Man muss sich stellenweise ja schon fragen, was in so manchen Köpfen vermeintlicher Gehirnsparfüchse so abzulaufen scheint, dass man Tagein Tagaus eigentlich nur so mit penetranter Geistesgrütze um sich speit wie ein Feuerdrache, wenn er feststellt, dass sein Hort leergeräumt wurde. Denn so verhält es sich mit einigen Individuen immer häufiger. Das fängt schon bei der Zeitungs-Sabbeltante N. Ush an, die ihr Schandmaul nur zum Lügen öffnet, um brave Bürger in Misskredit zu bringen, verwunderlich, dass irgendein armes Schwein überhaupt noch den Müll glaubt, den sie über Andere in Umlauf bringt. Mittlerweile laufen bereits Bürger mit der Plakette “Ich habe Nush überlebt!” ganz offen und nicht ohne Stolz durch Bree.

Doch fast noch erbärmlicher, aber auch weniger gefährlich verhält es sich mit unserer Kunstselbstmordakrobatin M. Organea. Erfolgreich brachte sie die Kunde in Umlauf, sie hätte sich die Arme zum vermeintlich eleganten Tode aufgeschnitten, da tänzelt sie eine Woche später wieder fidel durch Bree. Na, vielleicht klappt’s ja beim  nächsten Mal. Ihr Schoßhündchen Leo Fulf, willenloser Sklave und Bettwärmer  von Brees liebensunwürdigster Geisteskrankheit hat sich zwar erfolgreich als Maulwurf im Auftrag der Meisterin der Finsternis in die schwarze Perle eingeschlichen, konnte sich dort jedoch nicht lange halten. Neuerdings lässt sich besagte dunkle Herrscherin der Absurdität darauf herab, böse Gerüchte über die Mitarbeiterinnen in Bree zu verbreiten. Wen wundert’s, dass solch einen Schmarrnsinn hierzulande keiner mehr glaubt?  Außerdem ist der Handlanger der dunklen Nachtprinzessin (wiedergekehrt von den Toten?

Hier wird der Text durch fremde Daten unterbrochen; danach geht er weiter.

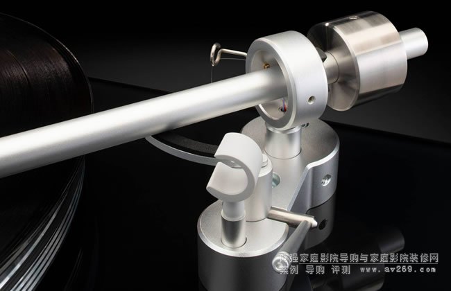 7 磅(3.18 千克)的機加工鋁盤位于設備頂部。這和配套的帶防滑功能的機加工鋁制唱臂位于一塊 3/8 英寸(9.5 毫米)厚的玻璃上——與我們大型放大器前面板上的玻璃相同;這反過來又位于定制的 1/4 英寸(6.35 毫米)厚的金屬板上,增加了穩定性。盤片和金屬板的結合重量有助于抵抗和吸收可能由外部振動引起的噪音。

Memo an die Redaktion: Nachforschungen anstellen, vielleicht wollten sie die Untoten ja nicht), in letzter Zeit überraschend oft in der Nähe der schwarzen Perle und schawenzelt um die Dirnen herum. Spionage? Langeweile Möglicherweise trägt er auch schlichtweg Kunde an die Gebieterin der Finsternis, die möglicherweise in  Erwägung zieht, sich das gelbe Tuch um den Ärmel zu binden und sich so etwas Gesellschaft zu erkaufen. Irgendein Besoffener könnte für sie ja durchaus den ein oder anderen Silberling pro Abend locker machen. Möglich wär’s.